Computing Fold-change for RNAseq Data
First, we assume that your values have already been log transformed. All the RNAseq data in Xena public data hubs have already been log transformed, either by us or by the data providers. You can always confirm this by viewing the dataset details page (start at our Explore Data pages and drill down until you get to the details page for the dataset).
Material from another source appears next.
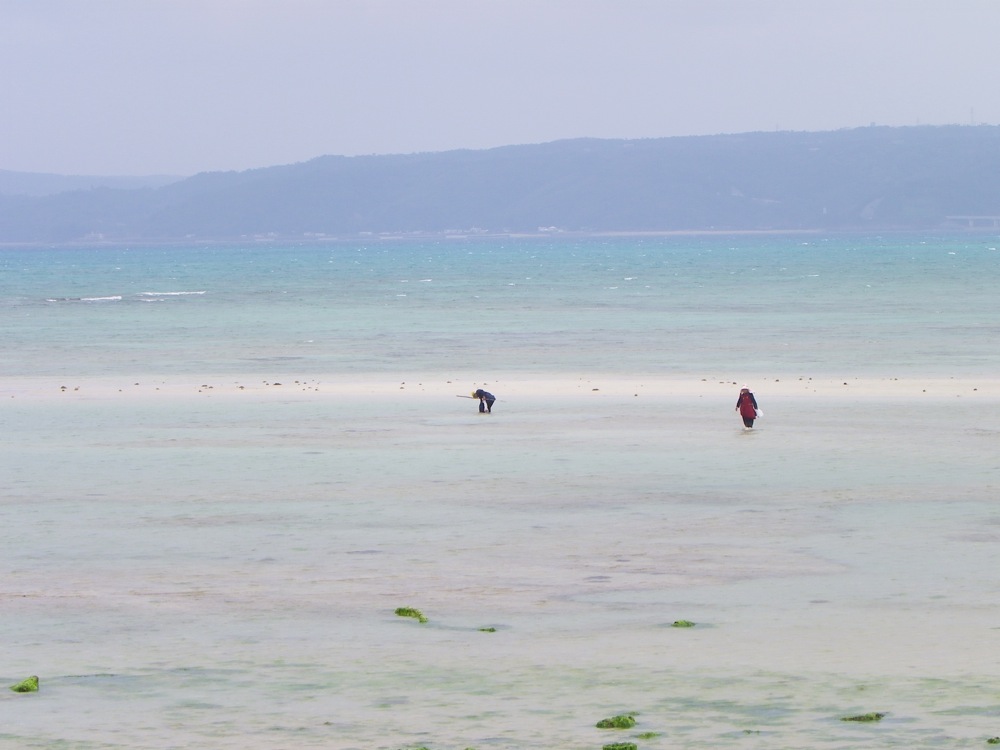 さて、今日は大潮ということで、海藻採りに連れて行ってもらった。海がめちゃ綺麗。久米島以外の沖縄の海は初!

Log transformed means that the output values from the gene expression caller/program have been put through the following transformation:
log2(x+theta) = y
Where x is the TPM, RSEM, etc value, "theta" is a small value (1, 0.01, etc) added to x since you can not take the log of zero, "log2" is log base 2, and y is the transformed value.
When comparing these log tranformed values, we use the quotient rule of logarithms:
log(A/B) = log(A) - log(B)
So, within our downloads (either from our bulk downloads or just a slice of the data that has not been mean normalized), say you have 2 samples with expression for a gene. In our downloads, one sample is 4 and one sample is 1. This means, because our values are log transformed,
log(A) = 4
log(B) = 1
log(A/B) = 4 - 1
log(A/B) = 3
This gives you a 3-fold change.
Please note that in this case we are reporting the log(fold-change). Biologists often use the log(fold-change) because without taking the log, down regulated genes would have values between 0 and 1, whereas up regulated genes would have any value between 1 and infinity. This distribution makes graphing and further statistical analysis difficult. Taking the log typically makes the resulting values more normally distributed, which is better for further analysis.